Юлий писал довольно пространно, о всякой всячине, о начавшихся на студии съемках, о том, какой дрянной получается фильм. Мне же самыми интересными показались последние фразы, написанные им небрежно и, видимо, совсем не задумываясь:
"Можете смеяться, сколько хотите, обижаться не буду, но я жалею, что тогда уехал. Помню, было душно, дышалось тяжело, казалось, все, и мы в том числе, заросло мхом, но вот парадокс: меня тянет в это нечищенное паршивое кошачье захолустье. Тот месяц вспоминается, как удачный, почти счастливый. Я с удовольствием работал, а здесь не могу преодолеть отвращения к пишущей машинке. Так что, возможно, скоро увидимся".
В письме Наталии, чуть не дословно, повторялась та же мысль:
"Милый, это ужасно, но я скучаю все больше, и по тебе, и по нашему тихому кошачьему городу. От него у меня до сих пор ощущение тяжести и загадки -- будто мне предлагалось понять что-то важное, а я не смогла и сбежала. Кажется, я готова все бросить и ехать к тебе, пробиваться через этот злополучный карантин".
Странно было читать эти письма из далекого несуществующего мира. Я пытался представить, как ходила бы здесь Наталия, по пустынным и пыльным, не тревожимым ни людьми, ни колесами, улицам, как она проходила бы мимо закрытых, затаившихся окон, как оглядывали бы ее редкие прохожие с тайным вопросом, не несет ли она уже в себе смерть -- и у меня ничего не получалось. Она мне вспоминалась воплощением легкости, и я не мог вообразить ее в скорлупе из отчужденности, настороженности и суеверного страха, которую в день объявления карантина, как обязательную форму одежды, одели все в городе, и я вместе со всеми.
Потеряв постепенно счет дням и неделям, я иногда вычислял, а иногда у кого-нибудь спрашивал, какое сегодня число.
Положение в городе стабилизировалось, но напряженно и непонятно, словно враждующие скрытые силы, управляющие течением жизни, заключили временное мирное соглашение. Новых заболеваний не отмечалось. В больнице у всех жителей, по кварталам и улицам, брали кровь на анализ -- ни у кого вирус не обнаруживался. Его не находили ни в крови домашних животных, ни у мышей и сусликов, ни в пробах воды и грунта. Вирус шестьсот шестнадцать дробь два отступился от города.
Подобно старшему жрецу, следящему за порядком в храме, дважды в день приезжал проверять, насколько исправно солдаты играют в домино, лейтенант, их начальник -- его желто-коричневый газик, снующий теперь по городу, как бы возместил исчезновение такого же газика Крестовского. Вскоре, однако, выяснилось, что лейтенант представлял лишь среднее звено служителей культа карантина и домино, и мы увидели главного жреца.
Перед въездом его коричневые грузовики на южном шоссе раздвинулись в стороны заранее, и черная волга, не сбавляя хода, пролетела между их пыльными фарами, пропылила по улицам города и проследовала к пограничной заставе, находящейся на окраине.

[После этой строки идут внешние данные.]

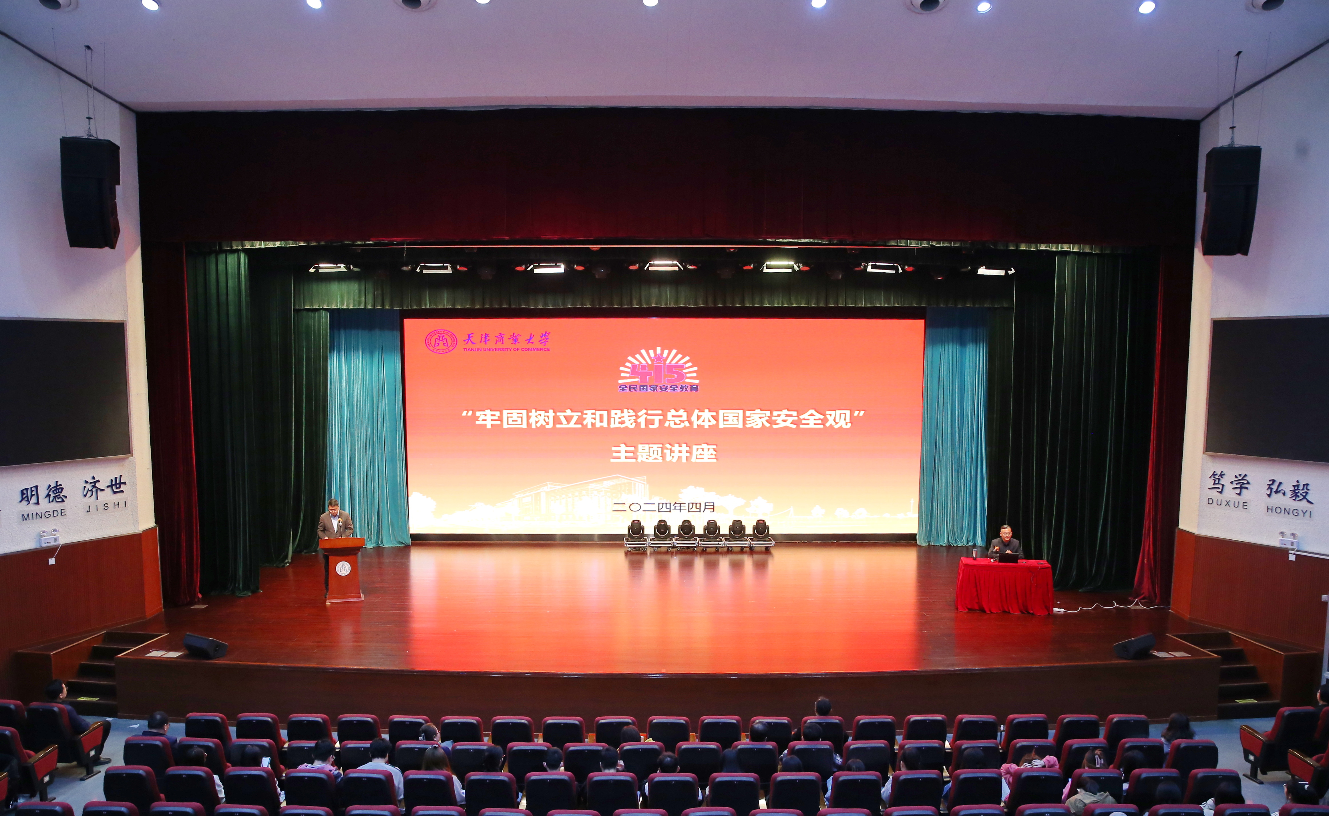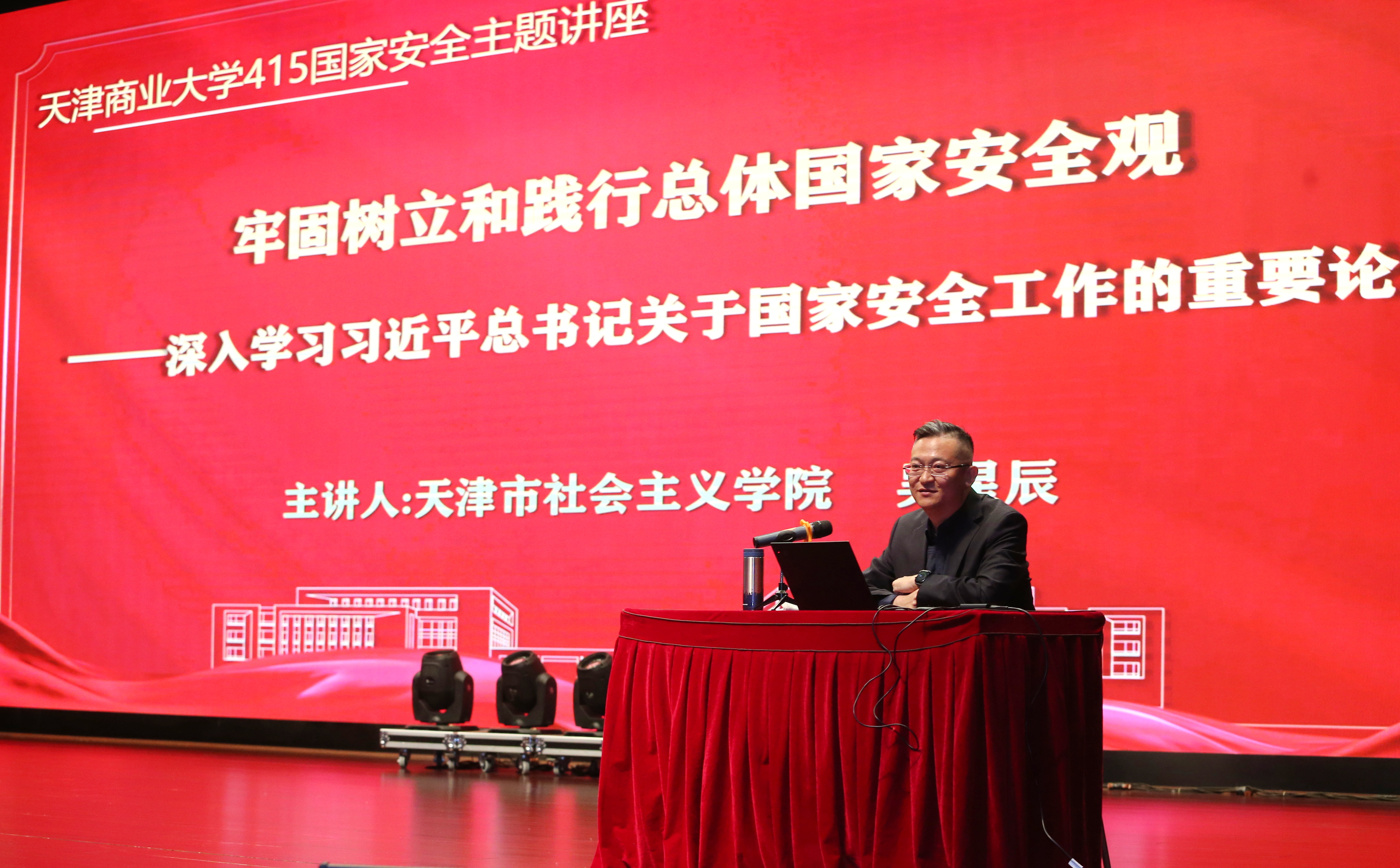 2024年是习近平总书记提出总体国家安全观10周年,4月15日将迎来第九个全民国家安全教育日。在第九个全民国家安全教育日即将到来之际,4月10日,学校在科学会堂举行“总体国家安全观·创新引领10周年”主题活动,特邀天津市社会主义学院吴星辰教授作全民国家安全教育日专题讲座,校党委常委、副校长黄凤羽出席并致辞。各学院副书记和辅导员、各职能部门教师代表、学生代表500余人参加活动。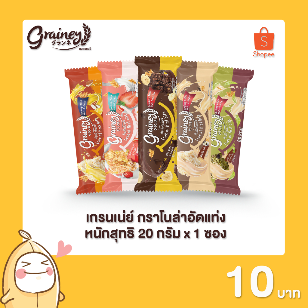 Grainey กราโนล่าอัดแท่ง หนักสุทธิ 20 กรัม จำนวน 1 ซอง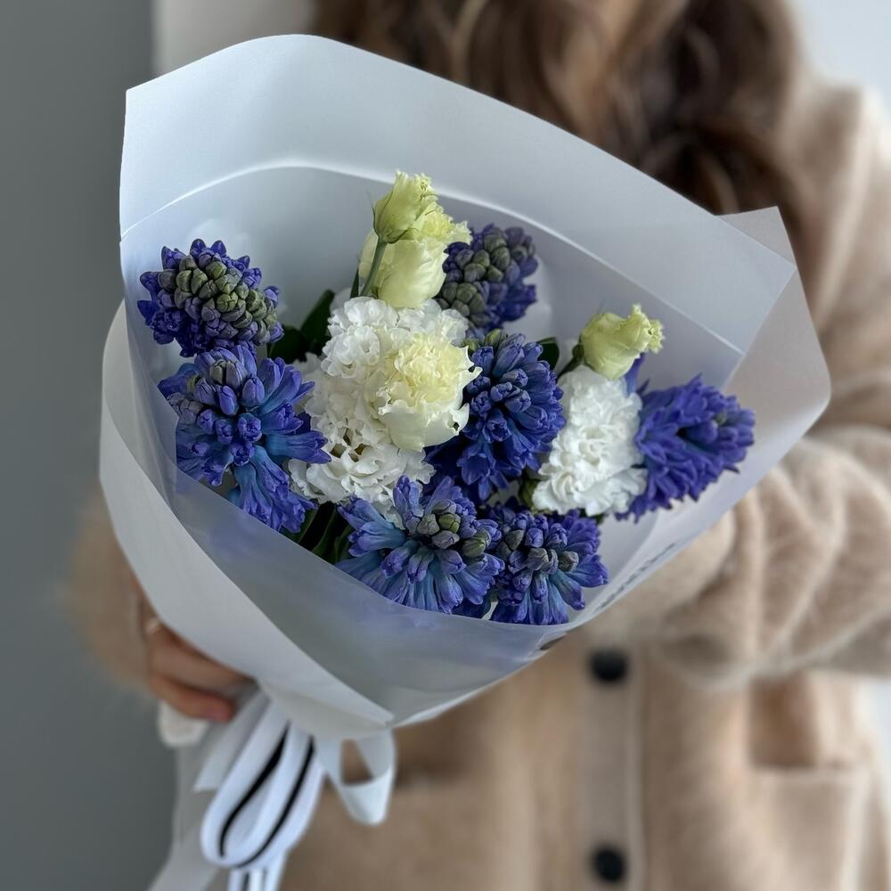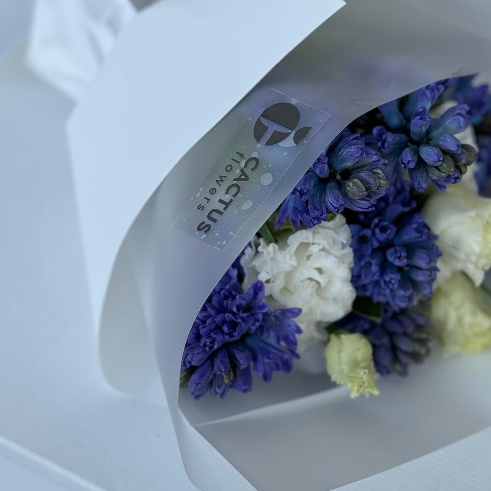 Упаковка дизайнерская - 1 шт. Гиацинт синий - 7 шт. эустома белая - 1 шт.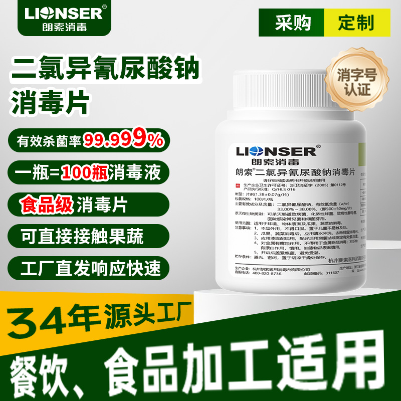 含氯消毒片餐饮酒店食品加工果蔬杀菌消毒二氯异氰尿酸钠消毒片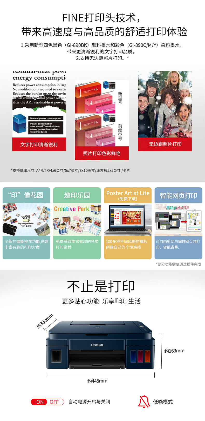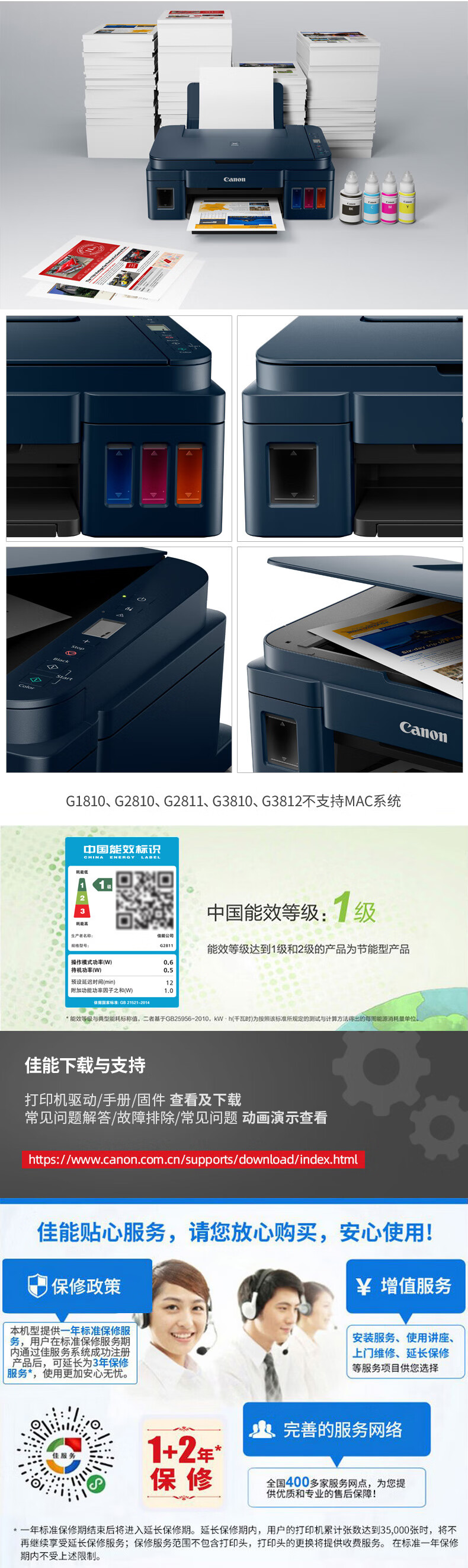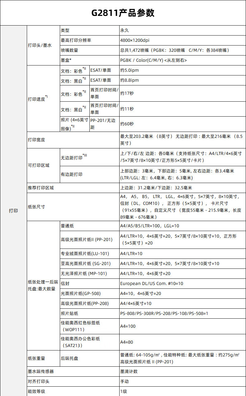 佳能(Canon)G2811大容量可加墨彩色多功能一體機(jī)(打印/復(fù)印/掃描/作業(yè)打印/照片打印機(jī) 學(xué)生/家用)
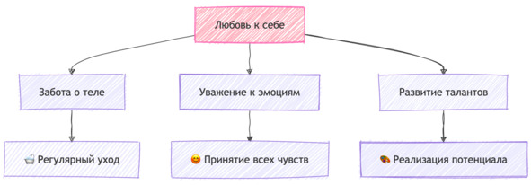 Любовь к себе – это способность принимать себя со всеми своими достоинствами и недостатками. Это значит признавать, что у тебя бывают ошибки, неудачи, усталость и грусть, и при этом относиться к себе с уважением и пониманием. Любить себя не значит игнорировать свои проблемы или притворяться, что всё в порядке, когда на самом деле ты чувствуешь боль или сомнения. Наоборот, это значит признавать свои чувства и потребности и не оставлять себя без поддержки.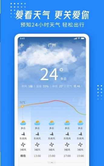 2、24小时天气预报:当日天气变化趋一目了然,温差变化提前预防;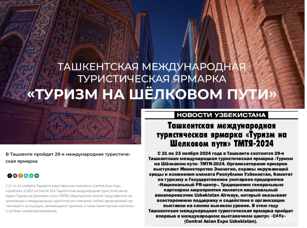 Предстоящая Ташкентская международная туристическая ярмарка «Туризм на Шелковом пути» в фокусе внимания СМИ России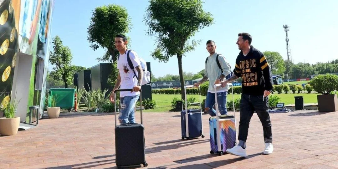 El astro rosarino fue tomado por cámaras de televisión en las instalaciones del aeropuerto internacional de Ezeiza mientras se dirigía por una de las mangas para abordar un minibus rumbo al predio de la AFA en esa misma localidad bonaerense.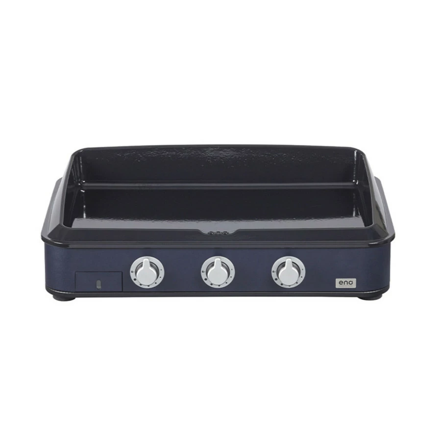 Cette plancha gaz Enosign 80 est un appareil de cuisson haut de gamme doté de 3 brûleurs ronds puissants (6,3 kW). Installés sous une plaque en fonte émaillée de 69 cm de long. Antiadhésive, elle retransmet une chaleur uniforme pour des cuissons saines pour environ 12 personnes. Sa surface de cuisson est posée sur un châssis en acier galvanisé thermolaqué bleu navy très résistant aux rayures et qui ne se décolore pas. Un bel objet design, moderne et puissant !
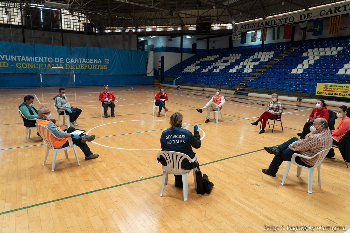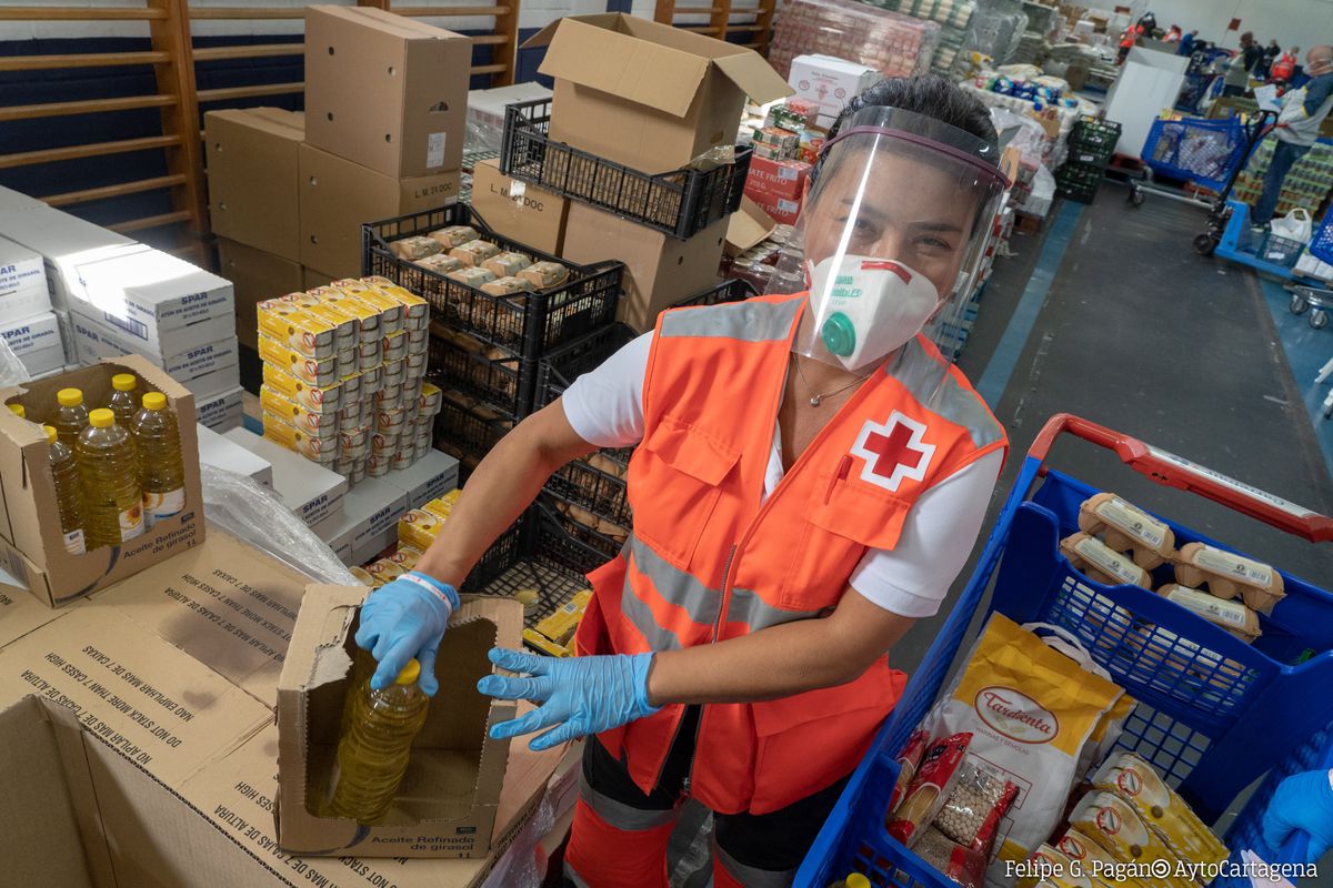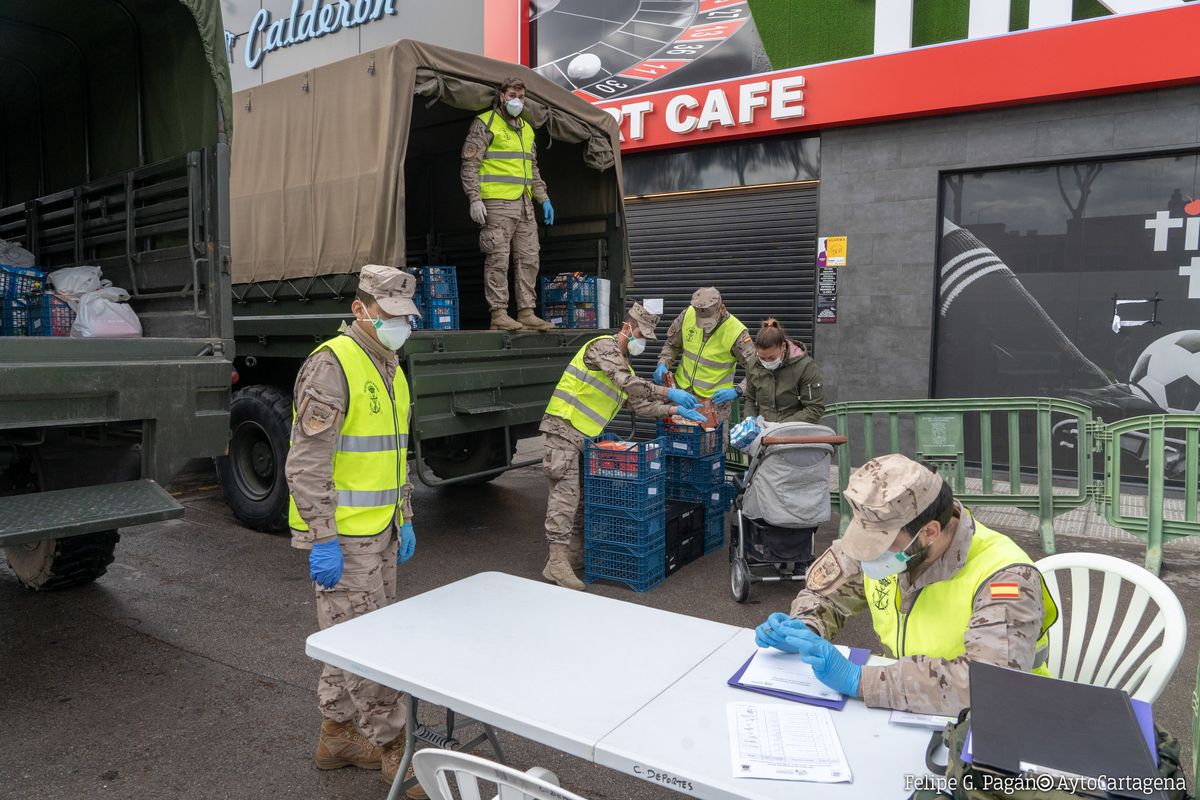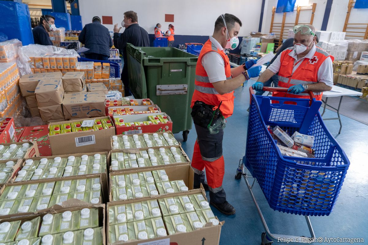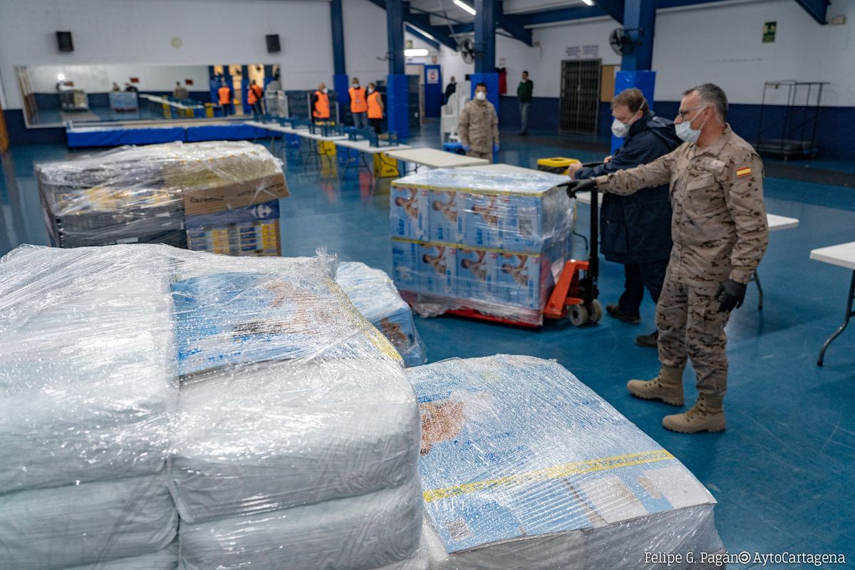 Desde las funcionarias de Juventud, Igualdad y Educación que se encargan de coger las llamadas diarias al Teléfono Social Único (968021123), a los trabajadores de Deportes, Juventud, conserjes o personal de Infraestructuras que descargan los pallets y que, junto a los voluntarios del Banco de Alimentos, elaboran los lotes de alimentos para cada familia, y terminando por los voluntarios de Policía Local, Protección Civil, la Armada y del Tercio de Levante que se encargan de la distribución a domicilio. Todos ellos de la mano del equipo de Servicios Sociales.

Он почти не появлялся на улицах, иногда разъезжал по окрестностям и несколько раз посетил кошачью пустошь. Я видел его раза два в ресторане -- сухой, неопределенного возраста, но скорее всего, за пятьдесят, с пергаментным лицом, с потухшими серыми глазами и редкими, расчесанными на пробор, седыми волосами, он носил серебряное пенсне и полковничий мундир с узкими серебряными погонами. Его личная свита состояла из трех штатских, а гвардия -- из нескольких солдат и сержанта, ездивших иногда за ним в защитного цвета фургоне с ребристым металлическим кузовом и, по указаниям штатских, бравших пробы воды, грунта, а впоследствии и ловивших кошек. От простых смертных его отгораживала вежливая сухая улыбка, которая и служила единственным ответом на все попытки местных начальников вступить с ним в беседу.
На территории заставы полковник со своими штатскими устроил бактериологическую лабораторию, и несмотря на полную изоляцию и строгое соблюдение секретности, сквозь стены ее, неизвестно как, вскоре проникли в город и стали в нем властвовать, оттеснив слово "карантин", новые, таинственные и страшные слова: культура шестьсот шестнадцать дробь два. Слова эти употреблялись практически в любом разговоре, и они сами собой упростились до сокращенного "культура-дробь-два" и даже до совсем уж свойски-фамильярного "дробь-два". Речь шла о необычайно зловредном вирусе, уже однажды выведенном в лабораториях, но в живой природе до сих пор не встречавшемся.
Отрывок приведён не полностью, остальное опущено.